The giant diplomat took a seat in the second row of benches, immediately behind .

I knew from my first experience with the Mothers' assizes that guests of the Clanhome usually occupy those seats. Tonight they were jammed with a collection of Vomisa crones and biddies--and a sprinkling of younger women--many of whose faces were vaguely familiar to me from the ceremony of Greeting and Thanks I'd witnessed the day I learned to See. I couldn't help but notice that, unlike all the other Vomisa women in the throng behind them, most of them wore crowns woven of fresh-cut yellow and orange blossoms.

As Grrawth-h wedged himself into his seat, the crowd that filled the hall suddenly stirred.

I turned back around to see the nine Khasim Clan Mothers entering in single file through the private door to the extreme left of the vast room. Each of them carried a plain, wooden staff and they all wore colorful garlands of wildflowers on their heads--and not much else.

With a measured, deliberate tread, Akavasi led the way, mounting the steps to the massive, elaborately-decorated dais of dark timber set above the equally imposing double doorway into the dining hall. She took her place at the hulking table atop the stage, seating herself in the throne-like central chair, with its towering back sculpted in the form of a rearing tacht.

The other eight Mothers ranged themselves in less imposing chairs along the table, flanking Akavasi.

As soon as her peers were seated, Akavasi struck the butt of her staff against the floor of the stage and--in Vomisa--spoke the ritual injunction for all who had business before the Mothers to make their voices heard.

Mantami immediately stood up and responded--in the Traders' Tongue.

"I am called 'Mantami', Grandmother. I have sinned..and I am here to be Judged. I ask only that you hear my case in the Tongue of the Traders, so that my friends here with me might understand how the Judgement you will render came to be."

Atanami, the Mother who had so grudgingly welcomed us to Mantami's Clanhome that first night, instantly objected.

"You are here to be Judged, child. It is not your place to make demands of us. Nor are you in any position to ask that we grant you favors."

Mantami's reply was measured, polite and immediate.

"I do not ask this favor for myself, Mother Atanami, but as a courtesy to our guests--to whom our customs demand we show hospitality."

Akavasi held up a hand to forestall any further objection.

"The child speaks the truth. We must honor our obligation--and so shall it be."

Score one for Læ's coaching.

"Thank you, Grandmother."

"Proceed with your tale."

. . .

Mantami started by telling the Mothers pretty much the same story he'd told the bunch of us late one Saturday night in Berkeley, less than two months ago and a universe away from here--although it was a lot easier to follow now, in the Traders' Tongue, than it had been then, in his fractured English.

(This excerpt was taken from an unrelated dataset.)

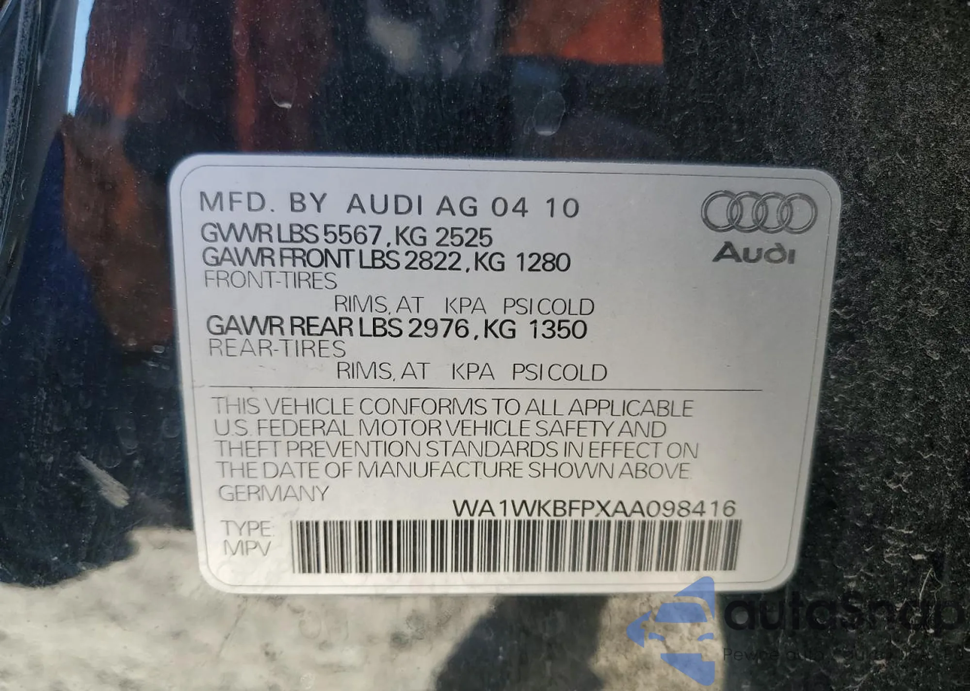 • VIN WA1WKBFPXAA098416
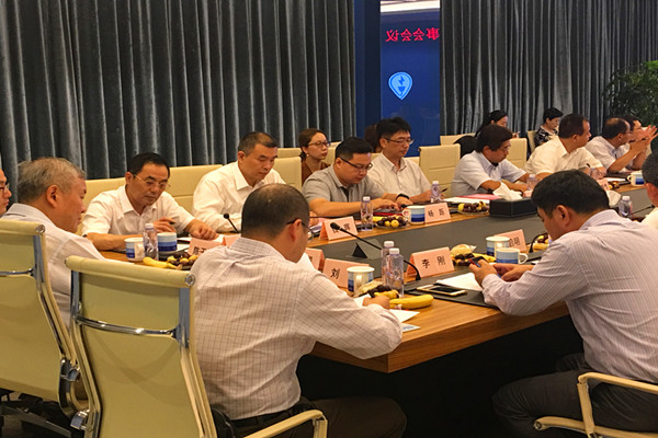理事会前,上海电器科学研究所(集团)有限公司副总裁、上海电器设备检测所所长王爱国( 右一)

He told them how, while he was on an extended solo journey in preparation for his Ordeal, he found himself tracking a lone stranger--a word that could just as easily be translated as "tourist"--through the mountains for several days. He'd trailed her to a cave high in the flank of a peak not far from the border of S'lynth territory. There, despite mounting fear, he'd followed the stranger into a cave, concerned that she might unknowingly have entered a tacht's lair.

Deep inside the mountain, he'd come to a cavern in the center of which was an array of hexagonal, blue crystal pillars. He found the stranger standing among them, weaving a spell whose powerful emanations nearly paralyzed him with terror. He'd rushed forward in a panicked attempt to interrupt the stranger's conjuration.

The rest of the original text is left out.